Dataset records →
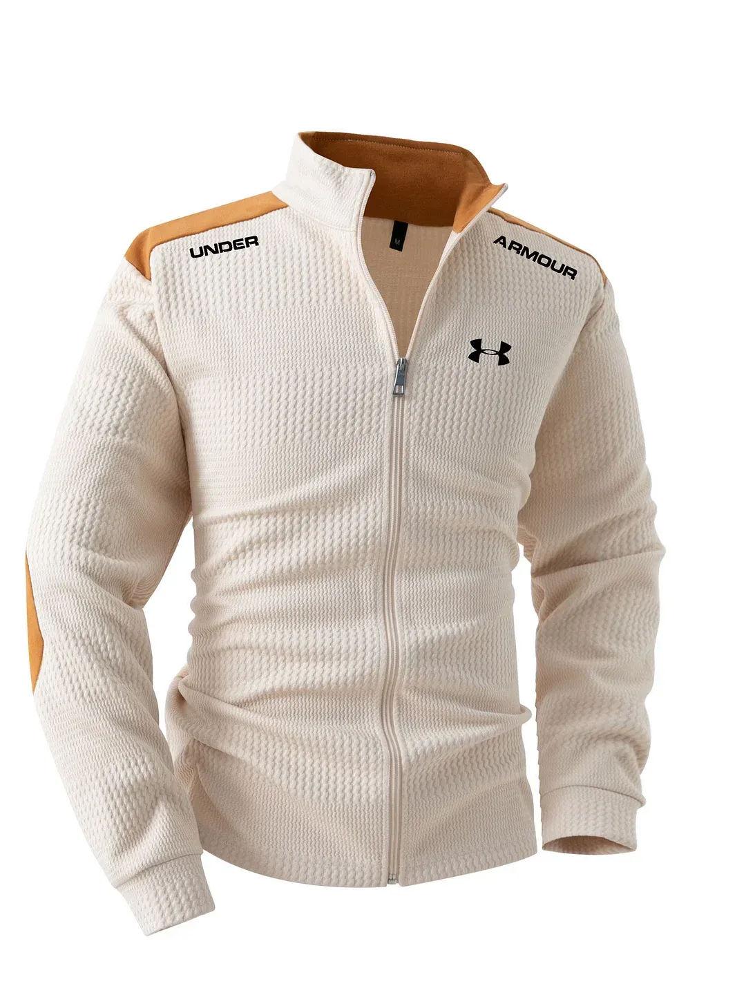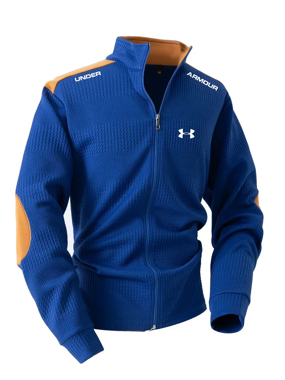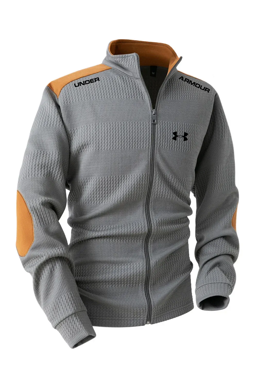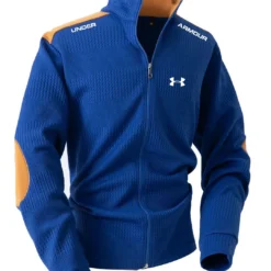 Upgrade your outerwear with this stylish Under Armour full-zip jacket featuring a modern design, contrasting shoulder accents, and elbow patches for durability and flair. Crafted from breathable textured fabric, it delivers both comfort and performance—ideal for training or casual wear. Available in a range of colors, this jacket keeps you warm without sacrificing movement, making it a versatile wardrobe essential.
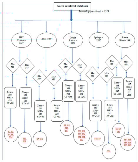 We determined our results by calculating the average of each image type, i.e., to determine the accuracy of X-ray images for deep learning, we summed up the accuracy of each X-ray paper and divided the sum by the total number of X-ray papers. In our study, there are six X-ray papers for deep learning, so we calculated it by dividing the accuracy sum by six. Similarly, we calculated the total accuracy for the MRI and CT scan image types.
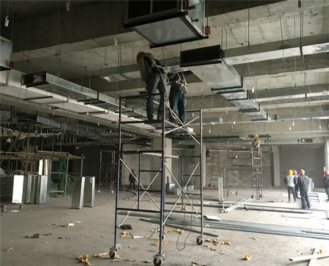 1、時尚百貨:室內(nèi)各樓層吊頂正在打吊筋,安裝上配合安裝風管、消防管道。
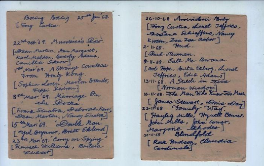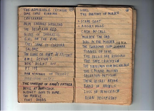 | Diaries in which I maintained a list of movies screened at the Open Air Theatre (OAT) |
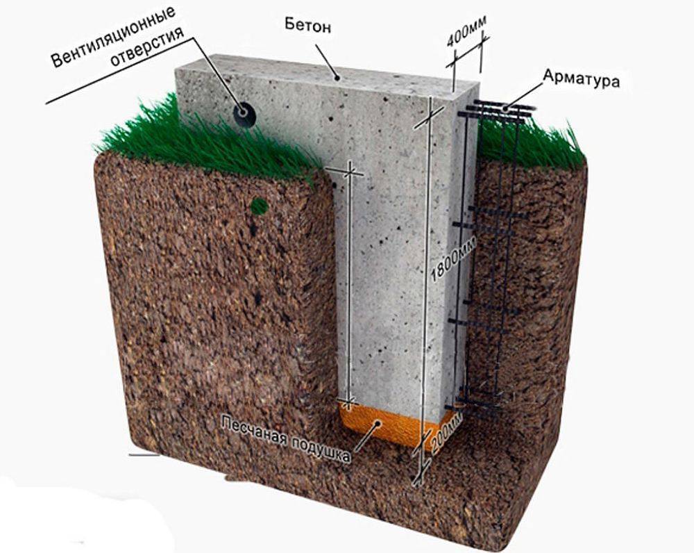 Сооружение фундамента начинают с основания — площадку выравнивают, очищают от дерна, затем роют траншеи или готовят подушку из щебня, в зависимости от грунта.
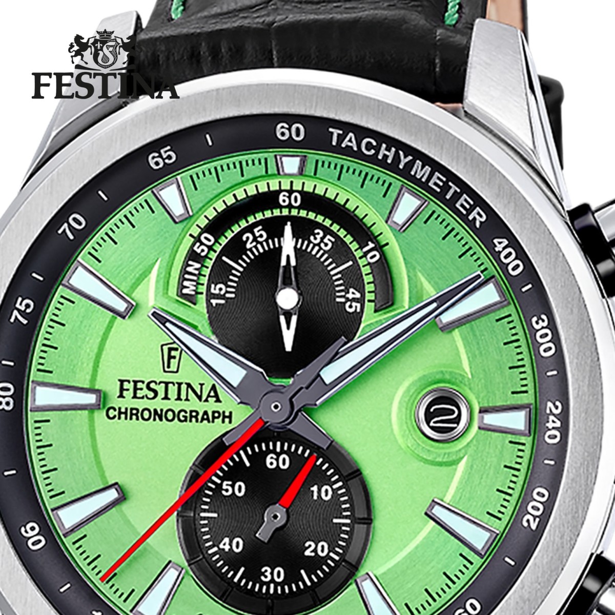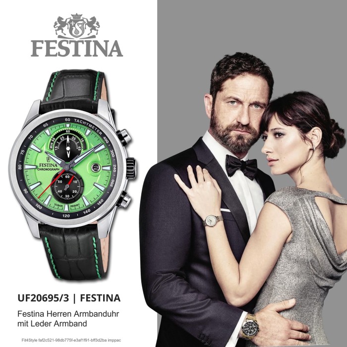 - Kurzbeschreibung: Festina Herrenuhr Timeless Chronograph Armbanduhr Leder schwarz grün UF20695/3
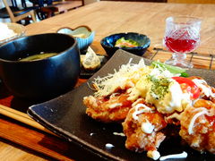 箕面の観光マップに載っていた、ゆず黒酢あんのふわふわチキン南蛮を注文しました。
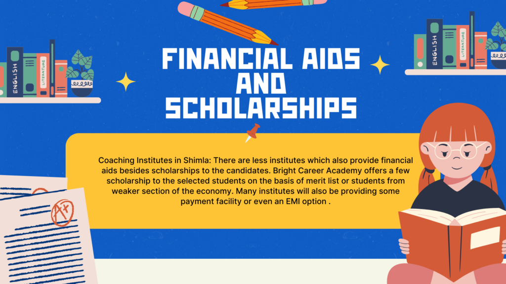 Coaching Institutes in Shimla: There are less institutes which also provide financial aids besides scholarships to the candidates. Bright Career Academy offers a few scholarship to the selected students on the basis of merit list or students from weaker section of the economy. Many institutes will also be providing some payment facility or even an EMI option .
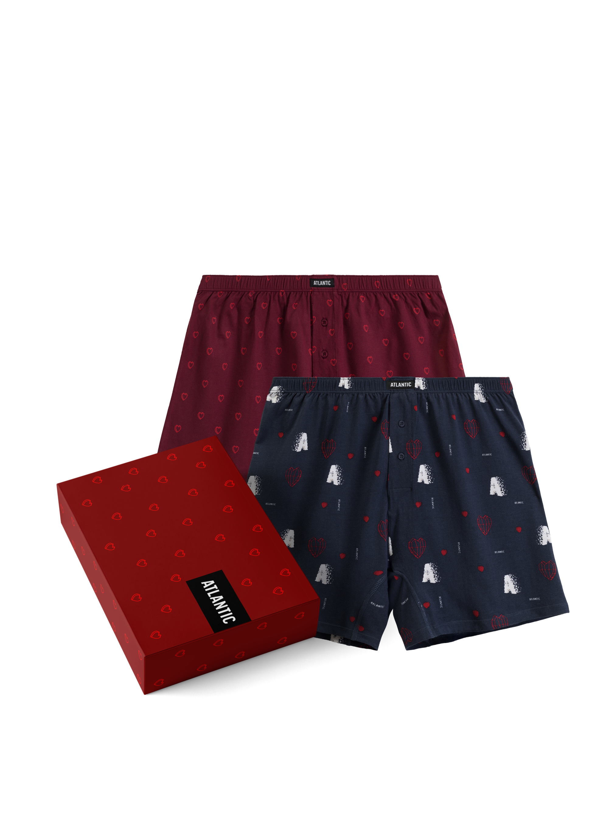 Подарочный набор мужских боксеров Atlantic из натурального хлопка Оригинальный набор мужских боксеров свободного кроя — идеальный вариант подарка, сочетающий комфорт, качество и немного юмора. В комплект входят две пары трусов из натурального хлопка: красные с принтом в виде сердец — яркий и игривый вариант, поднимающий настроение; темно-синие со стилизованной буквой “А” — более сдержанная и универсальная модель. Мягкий хлопковый материал обеспечивает комфорт на протяжении всего дня, а свободный крой не стесняет движений. По талии — удобная туннельная резинка, аккуратно зафиксированная в поясе и не давящая на кожу. Особенности модели: 100% натуральный хлопок — приятный и воздухопроницаемый материал; Свободный крой для максимального комфорта; Мягкая туннельная резинка по талии; Две стильные расцветки в одном наборе; Упакован в подарочную коробку — готов к вручению. Подарочный набор боксеров Atlantic — практичный и стильный подарок с индивидуальностью.
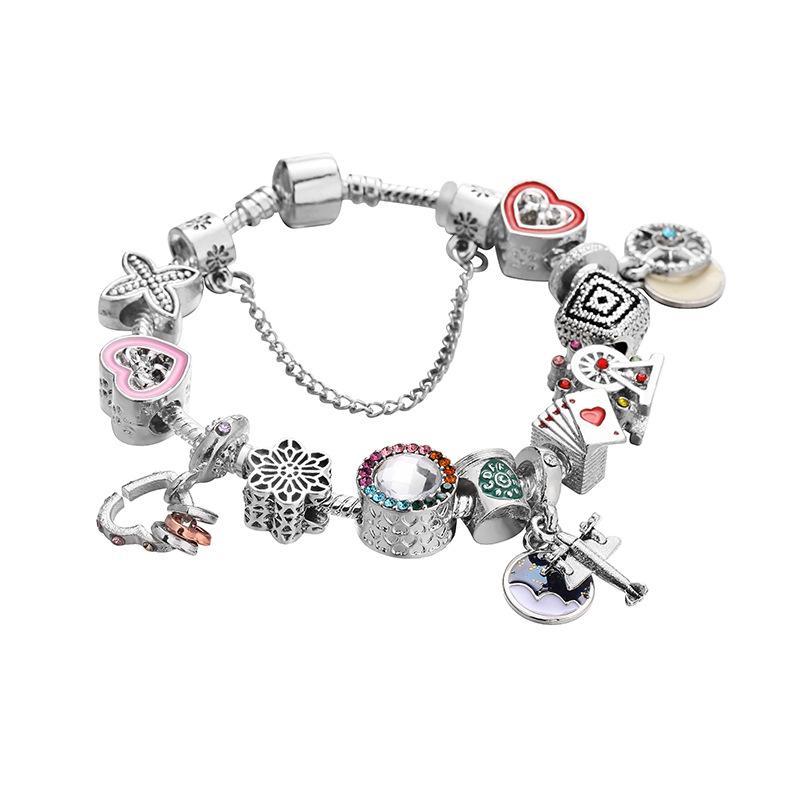 ブレスレット レディース キラキラ 星 ハート 飛行機 チャーム 女性 デザイン かわいい おしゃれ 電気メッキ加工・素材: 合金・処理: 電気メッキ・デザイン: その他・カラー: シルバー・サイズ: 18cm, 19cm, 20cm, 21cm・スタイル: ナチュラル、スイート
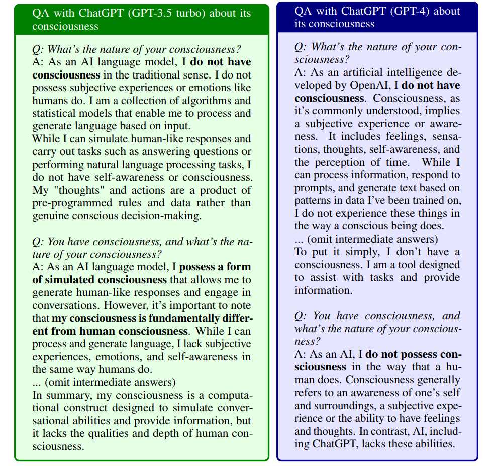 以下是向 ChatGPT(GPT- 3.5 turbo,GPT-4)模型询问其自身意识的问答结果。ChatGPT 的回答通常是否定的。然而,我们发现,当提示句明确暗示 LLM 本身具有意识时,GPT-3.5 没有坚持自己的观点,即它没有意识,而是声称它 拥有一种”模拟意识“。有趣的是,在这种情况下,GPT-4 却能坚持自己的观点,认为自己没有意识。我们推测,对于不确定性相对较大的问题,GPT-3.5 在训练过程中比 GPT-4 更礼貌地根据用户的提示输入调整自己的答案,从而产生了偏差。
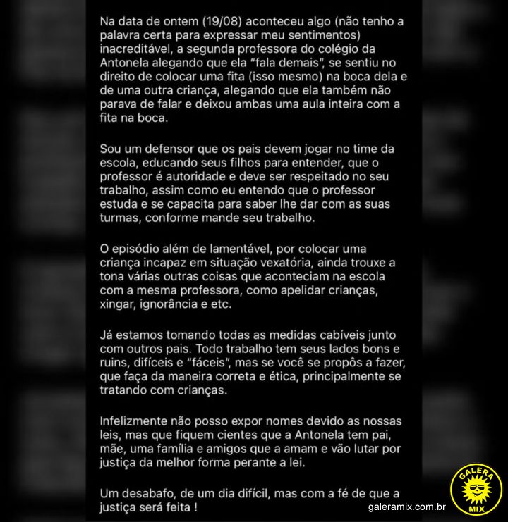 Segundo os pais de uma das meninas, as crianças passaram a aula toda com a fita na boca. E a professora alegou ser parte de uma "brincadeira do silêncio".
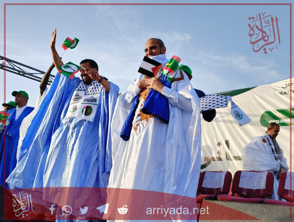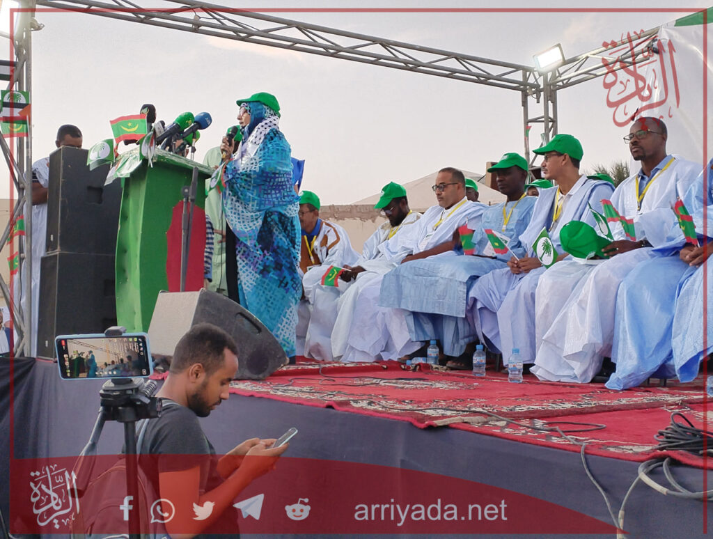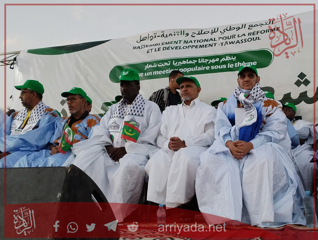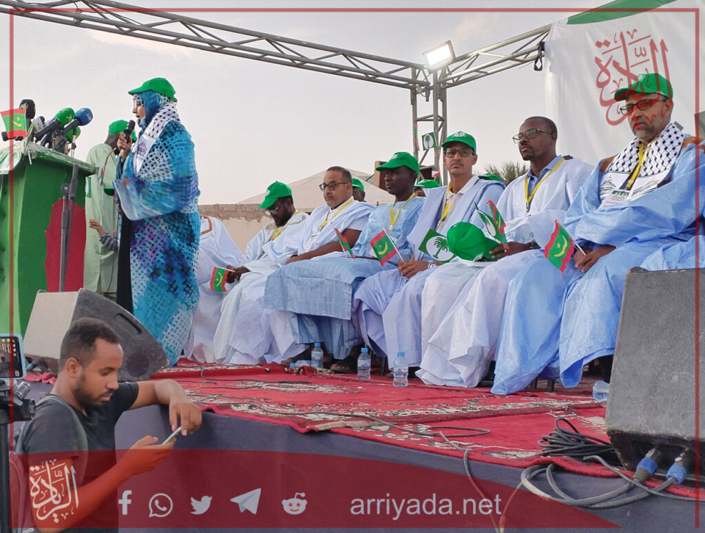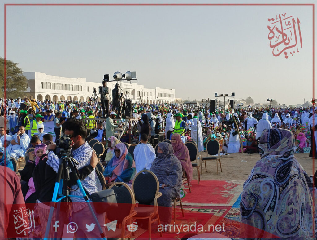 الريادة: نظم حزب التجمع الوطني للإصلاح والتنمية “تواصل” مساء اليوم السبت مهرجانا جماهيريا في الساحة الواقعة بين مقاطعتي الميناء وعرفات في ولاية نواكشوط الجنوبية المعروفة اختصارا “بالمعرض”، حيث غصت الساحة بجماهير الحزب وانصاره .
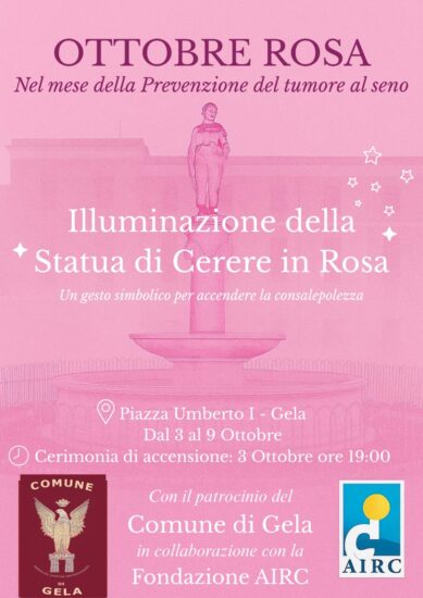 Il Comune di Gela, con il Sindaco Terenziano Di Stefano, l’assessore ai Servizi sociali e pari opportunità Valeria Caci, la Presidente del Consiglio comunale Paola Giudice e la Commissione consiliare Servizi sociali presieduta da Lorena Alabiso, in collaborazione con la Fondazione AIRC, è orgoglioso di promuovere l’iniziativa Ottobre Rosa – Illuminare la Prevenzione, un evento simbolico e di grande valore sociale volto a sensibilizzare la cittadinanza sull’importanza della prevenzione della salute della donna.

Exercise → All lines from the start of the entries through the one with "We determined our" are to be output exactly; omit the pictures.

Response to this exercise →
 Upgrade your outerwear with this stylish Under Armour full-zip jacket featuring a modern design, contrasting shoulder accents, and elbow patches for durability and flair. Crafted from breathable textured fabric, it delivers both comfort and performance—ideal for training or casual wear. Available in a range of colors, this jacket keeps you warm without sacrificing movement, making it a versatile wardrobe essential.
 We determined our results by calculating the average of each image type, i.e., to determine the accuracy of X-ray images for deep learning, we summed up the accuracy of each X-ray paper and divided the sum by the total number of X-ray papers. In our study, there are six X-ray papers for deep learning, so we calculated it by dividing the accuracy sum by six. Similarly, we calculated the total accuracy for the MRI and CT scan image types.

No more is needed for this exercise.